How much control do we really have on our actions after all? In today’s competitive educational world, we often see scholars with great ideas who may lack abilities in selling their ideas. Mainly because the process of selling the ideas involves a different set of repetitive actions. Usually driven by a different type of motivation in comparison to the motivation to generate a complex idea.

Why we need to diversify as Type 1 and Type 2 worker

You need to mix up your working style to be both a Type 1 and Type 2 worker. In other words, be prepared to work to create something great as a Type 2 worker or just punch in the hours for a paycheck as a Type 1.

My honest belief is that, you build up on confidence while being a Type 1 as you work on easier tasks. Success on Type 1 work also brings in vast learning that will enable you to be a better Type 2.

My approach is to alternate between the two. This helps me become a better Type 2.

Indian demonetization was probably planned by some one with lesser Type 1 experience. The simple common sense that comes from numerous observations seemed to be lacking.

That is why very often you may see the absent-minded genius, who has successfully minimized normal human interactions. As a Type 2, he is exploring something new. To save time and pursue a different goal within his lab as he is not expected to bring in regular quick results.

The Scientist knows that when he succeeds, he can bask in his 15 minutes of fame. This time away from people will affect his ability to engage efficiently in human interactions not because he is an idiot, but just because he is interacting with lesser data from past human interactions.

That is why the old man in the tram behaves like a complete gentleman, standing up to accommodate an old lady, both the senior citizens simulating the most popular human interaction of their time in elegance. Unmoved by the smart phone era and its distractions in public travel. No freelance deadline or missed paychecks to worry. They lived a more risk averse life.

Now let us dig deeper into this to see how our past actions can help in successfully implementing a new action.
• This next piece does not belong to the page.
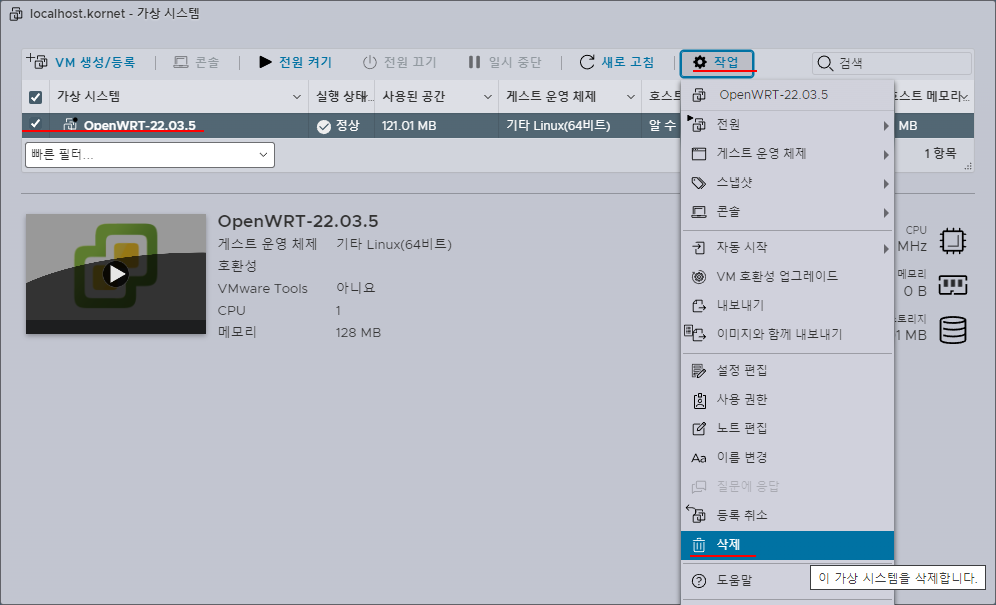 22. 데이터스토어 정리를 위해서 작업한 가상 시스템을 제거한다.

Developing executive skills working abroad

Example: Moving into a new city in developed Europe as a migrant from a developing country.

Having spent the first 23 years of my life in India, I was very much influenced by the societal norms of an upper middle class Indian youth in the early 2000s. School was strict, and video games were a luxury. Deep down, a lot of kids of my age knew that they better do good in school if they wanted to escape to a better life.
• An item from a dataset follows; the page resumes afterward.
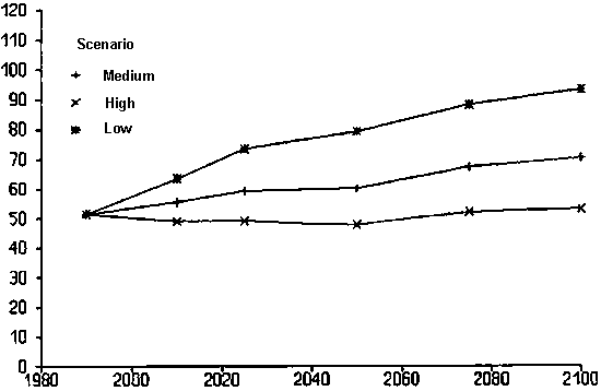 The cropping intensity for all developing countries, including China, increases from 87% at present to 94% in 2010 (Table 16). The maximum intensity in the medium scenario is 100%, which is the result of the relative increase of irrigated areas. If China is excluded from the data, the intensity is much lower, close to 80% at present and increasing to 85% in 2010, 88% in 2050 and 92% in 2100 in the medium scenario. The region with most intensive cropping is China and centrally planned Asian countries.

So we went to school, to extra classes in unregulated environments often trusting self certified experts to help us get in the university of our dreams. The rate race I was part of, was very unnecessary and all it did was producing confused individuals lacking clarity on the future.

Life introspection before your thirties

Looking back, I wouldn’t like to blame anyone as no one seemed to know better. Fortunately, I took part in the rat race at my own pace. Trying my best to lead a normal life along with my studies.

Apart from just absorbing knowledge, we would also fool around a lot. It was during that time of fooling around, playing football on Sunday evenings and chilling late midnight in the IIT campus.  Even in Milan, meeting friends in the Bocconi student dorms ring bells of a confident me taking life in control.

The environment in a student dorm is always positive filled with energy. No where else would you find a bunch of smart and ambitious friendly people. Even after I moved out of University, I have been living a similar life with flat mates. The benefits of shared housing in your youth is tremendous. In spite of the distractions, you are convinced that two brains are better than one.

Let your light shine and liberate others

Hence, as I started on this blog, I was very pleased that my flatmate Michele was working on his own blog. By creating a competitive landscape, I get to reference my Blogging performance.

Blogging is a long trip and Nomads always travel in a caravan.

Fun outside class, was also a sign of more control over my actions. To be able to implement my thoughts in action felt very rewarding. In University, my actions would give me feed back one course or exam a time. In life, I could get feedback in terms of respect and more interesting friends.

All work and no play makes Jack a dull boy

Some how Life outside the class looked like a better feedback mechanism that rewards thought and action. University would keep the faint hearted distracted and prepared to serve others in accomplishing their goals. Those with lives outside the classroom seemed to somehow have it all figured out.

I was always fooling around on Facebook during my university days. Would never have guessed that most of my colleagues from engineering school would be figuring out how to best use Facebook to make money.

Maybe the students running around playing Pokemon go will be in the best position to use that technology in some new business.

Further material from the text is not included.